The case continued over the following weeks with Tusla reporting further efforts to find a suitable placement. When the case resumed in January counsel forTusla said a placement had been identified the night before, Tusla had informed the other parties that morning and there was a psychiatric report before the court with sensitive insights into A’s state of mind which were clearly relevant. However, the judge said it was not sustainable in the light of the need for a long commute to her educational centre.
“I need to know that in light of the fact that a number of secure care placements have come on stream that adequate planning has been done because effectively they have no onward placement when their time there is completed,” the judge said.
“We have children remaining in secure care when there is no ongoing placement for them and it is not their role when they have done their part and then the CFA [Tusla] have failed to produce the goods at their side”.
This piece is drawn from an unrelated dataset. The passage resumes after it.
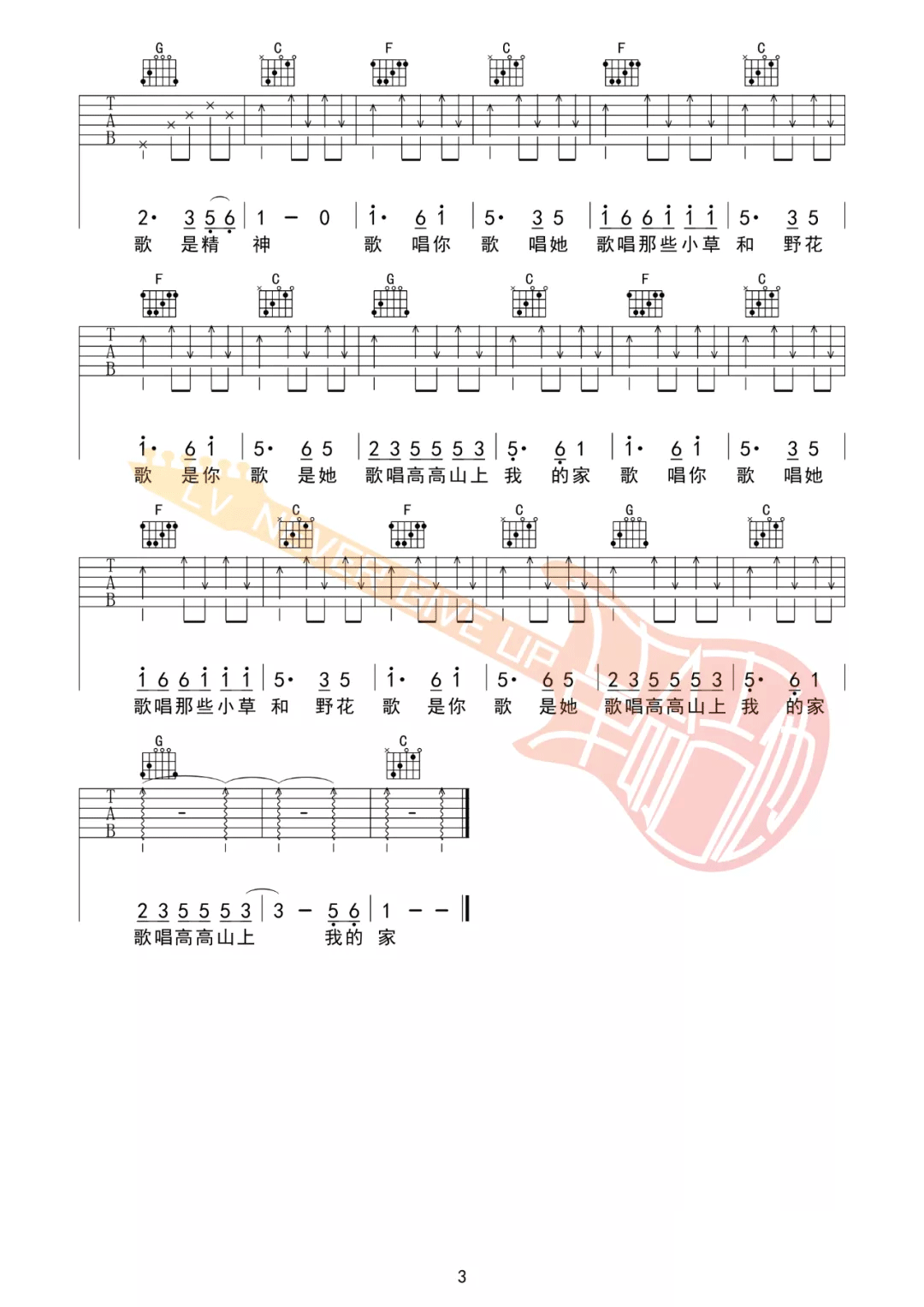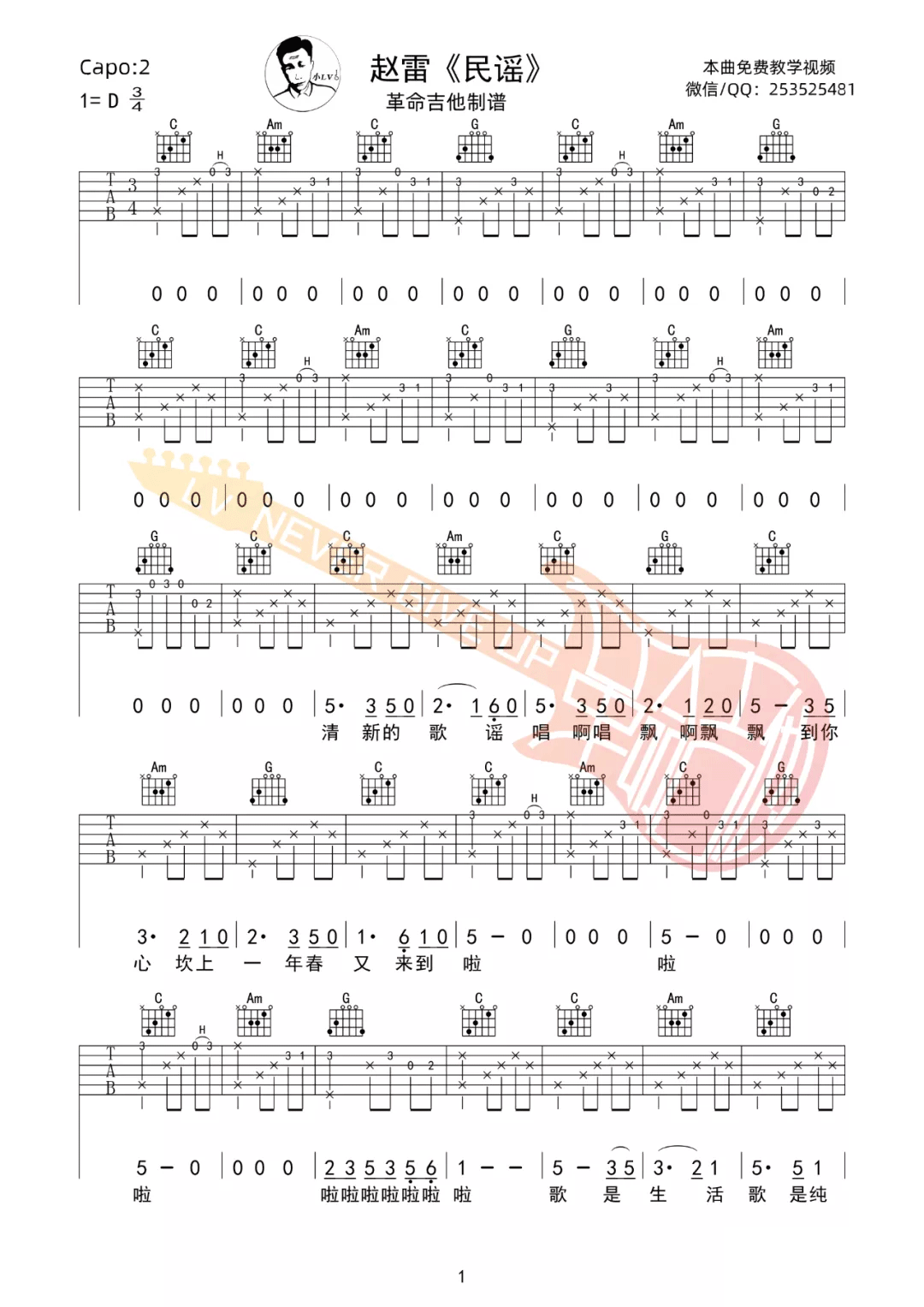 曲谱介绍: 赵雷《民谣》吉他弹唱谱,采用C调指法编配原版,共有3张高清图谱。

“It is an issue that arises every week in this court particularly in light of new secure care placements available and a lack of planning at the other end of it. Matters are to be dealt with on affidavit as to what is being done with the onward placement. In fact the problem is even greater than before due to the new secure placements,” said the judge.
In January the court heard that the girl was in a placement and attending an educational centre. The court asked Tusla to ensure that she had appropriate transport to the centre, which was some distance away.
‘Lack of planning’
The CCLRP said in many instances such cases come back before the court repeatedly over many months, and the reports show the frustration of the judges hearing them as they attempt to order Tusla to find solutions.
In one case the judge commented:
The lack of planning continues, substantial resources are invested into giving the children the appropriate care they need in secure care and [then] the potential is nearly ripped out from under their feet at the lack of onward placement, and the level of uncertainty is causing undue stress to these children.
In relation to another, the judge said there has to be a recognition “there is a failure to deal with this, this is not the first time a judge has said this over the years”.
“Over the last 25 years it is constant and children with a particular presentation have no facilities in this State to meet their needs, resources are an issue, a bespoke solution for every child is perhaps not available.”